Les cagots et les gavaches
 
 
 
 
 

C'est bien connu nombre de philosophies, la plupart des religions et même certaines doctrines politiques l'affirment très fort : «  Nous sommes tous frères ». De ce fait nous avons vocation « virtuelle » à être tous égaux ! Le problème toujours actuel des « gens du voyage », (on parle maintenant des « Roms »), montre l'abîme entre le principe et la réalité. Et le problème ne va pas en s'arrangeant … La difficulté à accepter l' « autre », celui qui n'a pas nos manières, notre langue – bref, n'est pas de chez-nous – ne date pas d'hier : il existe déjà dans la Bible. Dans notre région dans l'histoire plus récente, deux exemples très graves de cette ségrégation sont un contre-témoignage de ce soi-disant esprit d'accueil et de bonhommie qui serait propre au Sud-ouest. Il ne s'agit pas des immigrés, réfugiés politiques venus de Russie en 1918, ou d'Italie, puis d'Espagne fuyant le fascisme. Après des années difficiles beaucoup ont fait « leur trou », beaucoup ont - comme on dit - « réussi ». Par contre savez-vous que dans le Sud-ouest et surtout dans les Pyrénées, toute une population venue d'on ne sait où, a été marginalisée, brimée, accusée de tous les maux, sans la moindre raison.  Il s'agit des « Cagots », à partir du XIIIe siècle ! Condamnés à vivre ensemble, en dehors des villages, souvent dans d'anciennes léproseries, leur isolement était propice à une certaine consanguinité qui n'arrangeait rien (!). Ils étaient presque sans droits, interdits de tout métier, sauf ceux du bois (en effet le bois « ne conduit pas la lèpre »)... À l'église, ils avaient une porte réservée et un bénitier spécial. Ils devaient en public agiter une crécelle, et dans certains villages, porter un insigne cousu sur le vêtement : une patte de canard, rouge ! Déjà… il a plusieurs centaines d'années….
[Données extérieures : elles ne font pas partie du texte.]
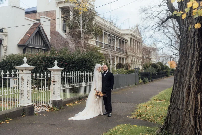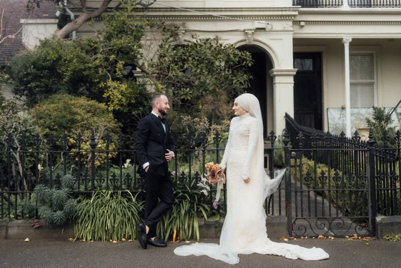 CONTRIBUTING VENDORS Photographer Free The Bird Cinematographer (Digital) Ninesixteen Films (Super 8 Film) Flynn Films Florist Twig & Type Ceremony & Reception Venue Sophia at Prahran Arcade Cake Get Caked by Lisa Entertainment The Wedding Maestro (DJ Umut) Celebrant Dr Bekim Hasani Rings Windfall Jewellery Transport Abbey Road Classic Car Hire THE BRIDE Bridal Gown Designer & Veil Bahar Robes Deiji Studios Shoes Badgley Mischka Accessories Jimmy Choo Hijab Styling Reyyan Emniyet Makeup Zee Makeup Artistry THE GROOM Suit The Suits Concierge

Tout aussi surprenant, le cas des « Gavaches », à peu près à la même époque. Le nord de l'Aquitaine étant ruiné par des guerres incessantes, les vignerons vinrent à manquer ! De la « main d’œuvre » dut être importée... Elle vint surtout de la Saintonge ou de ses environs, évidemment des gens très pauvres, pour accepter ce déménagement... On les appela les gavaches sans qu'on sache d'où vient ce nom. Ils ont été reçus comme des « étrangers » et n'ont jamais été « intégrés ».

Eux aussi   vivaient « entre eux », à l'écart des villages, dans des conditions précaires, sans profiter des moindres progrès, en particulier sans véritable accès à l'éducation... À leur propos, tout était péjoratif : les « gens bien » parlaient par exemple d'un temps de gavache pour dire un temps de chien ! Tout cela jusqu'à la Révolution ; puis lentement, les choses se sont arrangées ces deux derniers siècles... au moins en partie...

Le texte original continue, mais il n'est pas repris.